Thursday, July 9, 2020

Homily for Memorial of Chinese Martyrs

Homily for the Memorial
of 120 Chinese Martyrs

July 9, 2020
Collect
Provincial House, New Rochelle, N.Y.

Today’s memorial is labeled “St. Augustine Zhao and Companions.”  Augustine Zhao was an elderly diocesan priest who was so severely tortured in prison in 1815 that he died.  As you may know, John Paul the Great canonized these martyrs on Oct. 1, 2000, memorial of St. Therese of Lisieux, patroness of the missions; and coincidentally (or not) the anniversary of the Chinese Communists’ complete victory over the armies of Chiang Kai-shek in 1949.

Memorial plaque for the 120 Martyr Saints of China
Saint Francis Xavier Church, Saigon
Just why Fr. Augustine should be the day’s titular isn’t clear to me.  He wasn’t the 1st to die.  Chronologically, he falls about halfway in the period marked by today’s 120 martyrs—between 1648 and 1930.  There are 6 bishops among the 120, as well as many other priests (mostly religious).  So why him?  Perhaps because he was the 1st Chinese priest put to death, tho not the only one.
Besides clergy, seminarians, and religious, the martyrs included parents, widows, children, catechists, and common laborers.  They ranged in age from 9 to 79.   87 were Chinese, 33 European.  The religious were mainly Dominicans and Franciscans; there were also members of the Paris Foreign Mission Society, and others, and religious sisters.

Christianity had been known in parts of China since the 7th century, and it was sometimes welcomed.  The great Jesuit missionary Matteo Ricci, who died in 1610, was honored, and is still honored, as a mandarin because of his vast learning and his willingness to make himself Chinese—“becoming all things to all men in order to win at least some,” as St. Paul says.

But, due to internal jealousies as well as theological issues, the Church’s position regarding inculturation changed.  The Dominicans won the Chinese Rites battle over the Jesuits, and fittingly China’s protomartyr in 1648 was a Dominican, Fr. Francis Fernandez de Capillas.  More virulent persecution didn’t come until the 1720s, and went on sporadically until 1862.  Chinese who apostasized were spared.

The persecutions seemed to end with the intervention of France and other powers.  The missions, both Catholic and Protestant, became associated with European political and economic imperialism.  Hatred for that power, and other issues, burst out in the Boxer Rebellion in 1900, during which 86 to today’s saints gave their lives for Christ.  As many as 25,000 Christians may actually have been slain, but documenting them is difficult.
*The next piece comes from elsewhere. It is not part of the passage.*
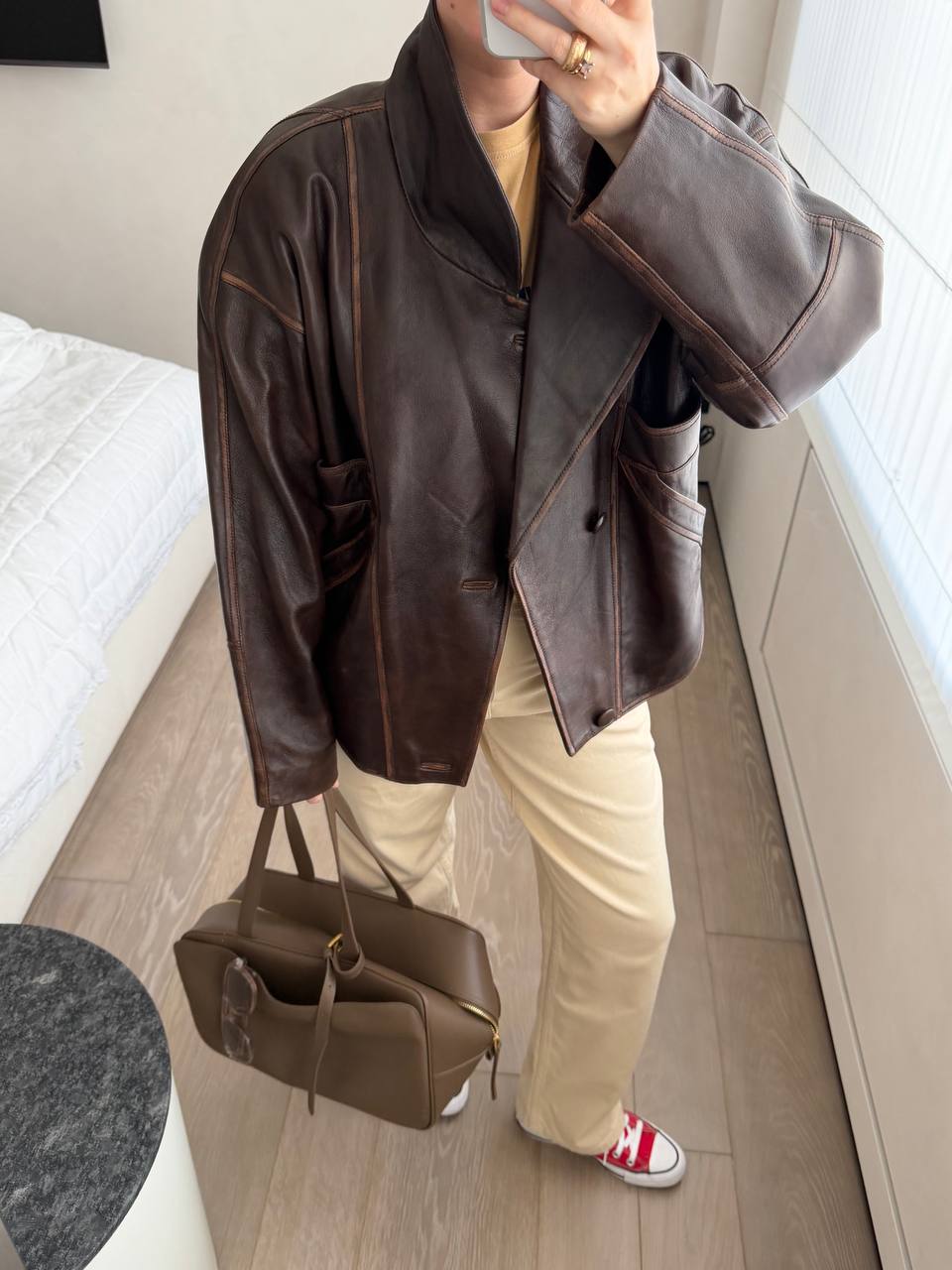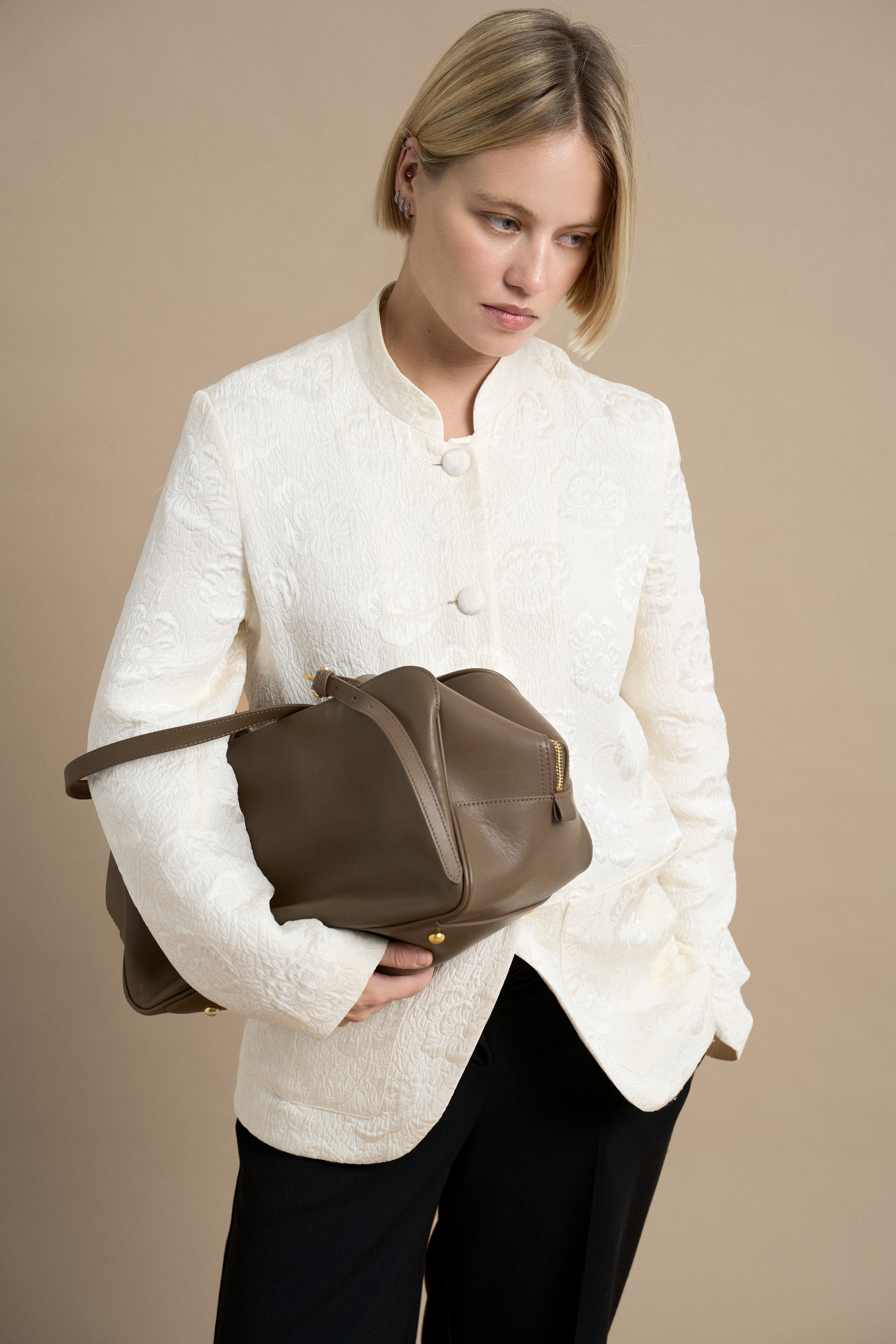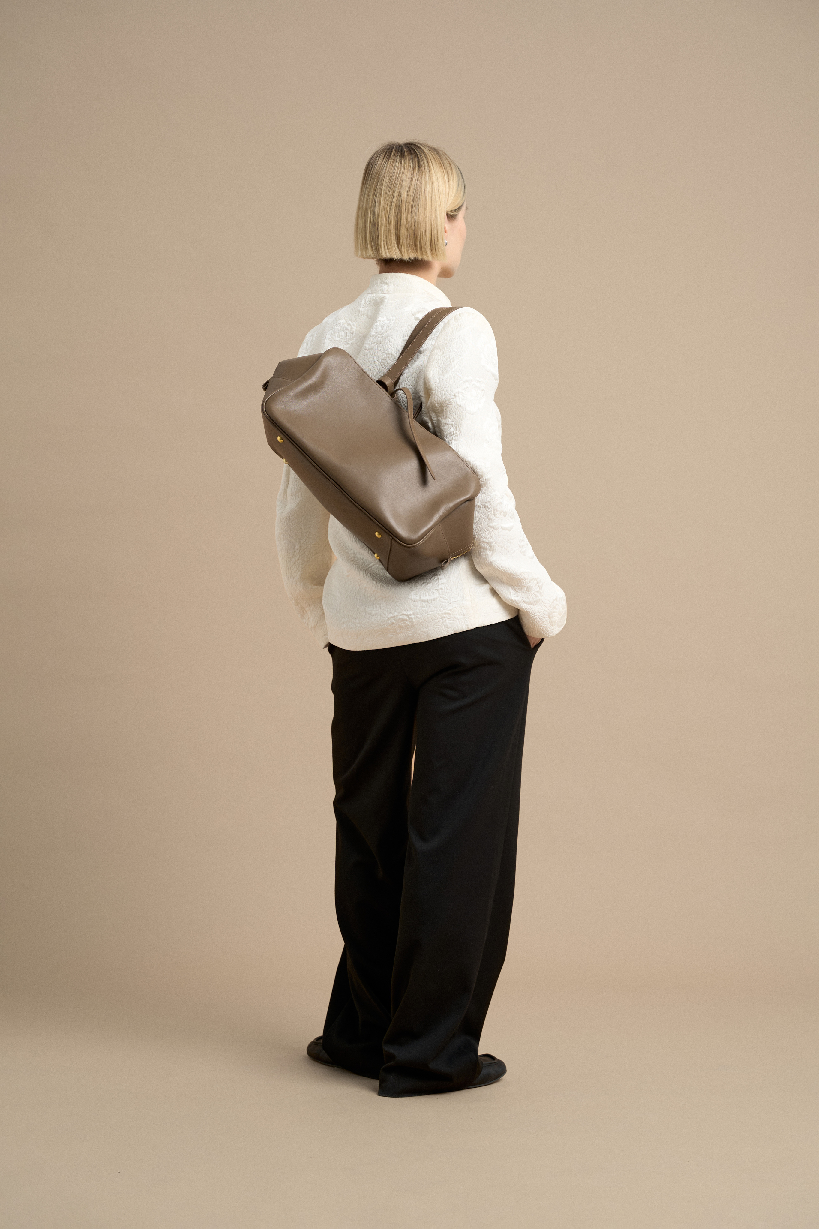 Чёткий силуэт сочетается с мягкостью гладкой кожи, благодаря чему сумка сохраняет форму, но остаётся живой и пластичной в движении. ARC удобно носить в руке или на плече — она органично вписывается в повседневный ритм и легко дополняет образ.

After the Boxers were suppressed by the armed forces of Japan, Russia, Great Britain, France, Austria-Hungary, and the U.S., no more missionaries were killed until 1930.  Our confreres Louis and Callistus were the last of the 120 to die for the faith.  When the Communists took over the mainland in 1949, however, they didn’t lose much time in expelling or imprisoning foreign missionaries—most famously Bp. Francis Ford and Bp. James Walsh of Maryknoll—and “re-educating” thousands of lay faithful.

The linkage of Christianity with foreign powers, foreign pressure, and foreign culture lingers today in the tensions between the Catholic Church and Beijing.  The persecution of Christians, Catholics in particular, goes on.  Dennis has told us something of the extent to which the Chinese Communist Party goes, apart from what we read and hear in the media.  Cardinal Zen is constantly warning us of the nature of the CCP, which tolerates no rivals to its authority.
    
It’s the memorial of Augustine Zhou and his companions.  Have you ever wondered about “the companions” component of these big groupings of martyrs—Chinese, Vietnamese, Korean—spread over centuries?  In what sense are Francis Fernandez and Callistus Caravario “companions” of Augustine Zhou?  Certainly not the same way that Callistus was Bp. Louis’s companion, or the victims of the Boxers were at least chronologically, and sometimes physically, companions.

Companion comes from 2 Latin words, cum, “with,” and panis, “bread.”  Someone who shares bread with you is a companion.  All 120 of these martyrs shared bread together, the Bread of Christ’s body and blood; and today, we believe, they keep company with him at the eternal banquet.  The Eucharistic bread that we share today makes us, too, their companions.  We count on their prayers to help us be as faithful to Christ as they were until we join them at the banquet.